= Dataset excerpt =
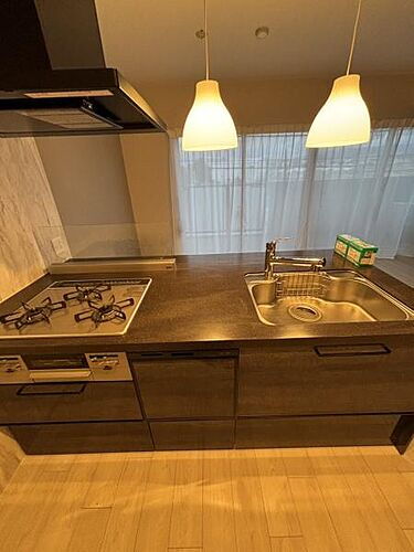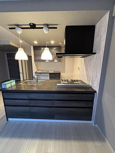 シックな色合いのキッチンが空間に落ち着きをプラスします。使いやすいガスコンロとシンクが配置されています。照明が柔らかな雰囲気を演出しています。収納スペースも豊富で整理がしやすい仕様です。
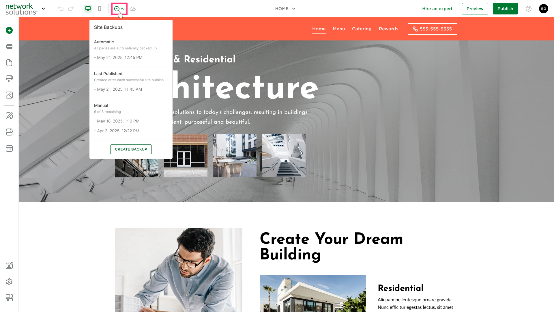 Click the Site Backups icon to see available backups for your project. To learn more, please follow the Site Backups tutorial.
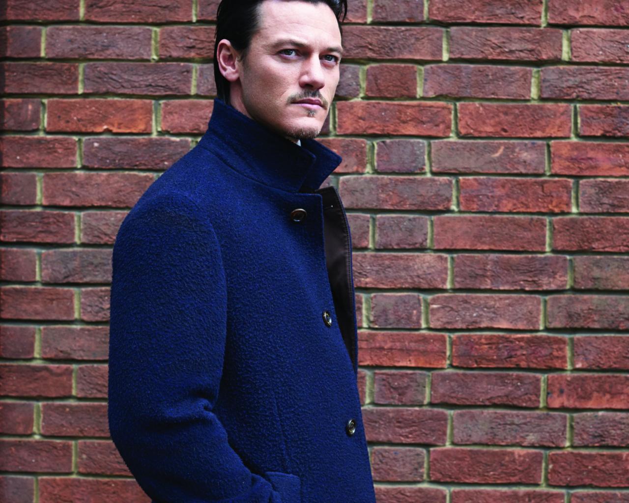 Обои Актер Люк Эванс в синем плаще у кирпичной стены

= Task brief =
Write the listing out a second time exactly, dropping all images.

= Result for this exercise =
 シックな色合いのキッチンが空間に落ち着きをプラスします。使いやすいガスコンロとシンクが配置されています。照明が柔らかな雰囲気を演出しています。収納スペースも豊富で整理がしやすい仕様です。
 Click the Site Backups icon to see available backups for your project. To learn more, please follow the Site Backups tutorial.
 Обои Актер Люк Эванс в синем плаще у кирпичной стены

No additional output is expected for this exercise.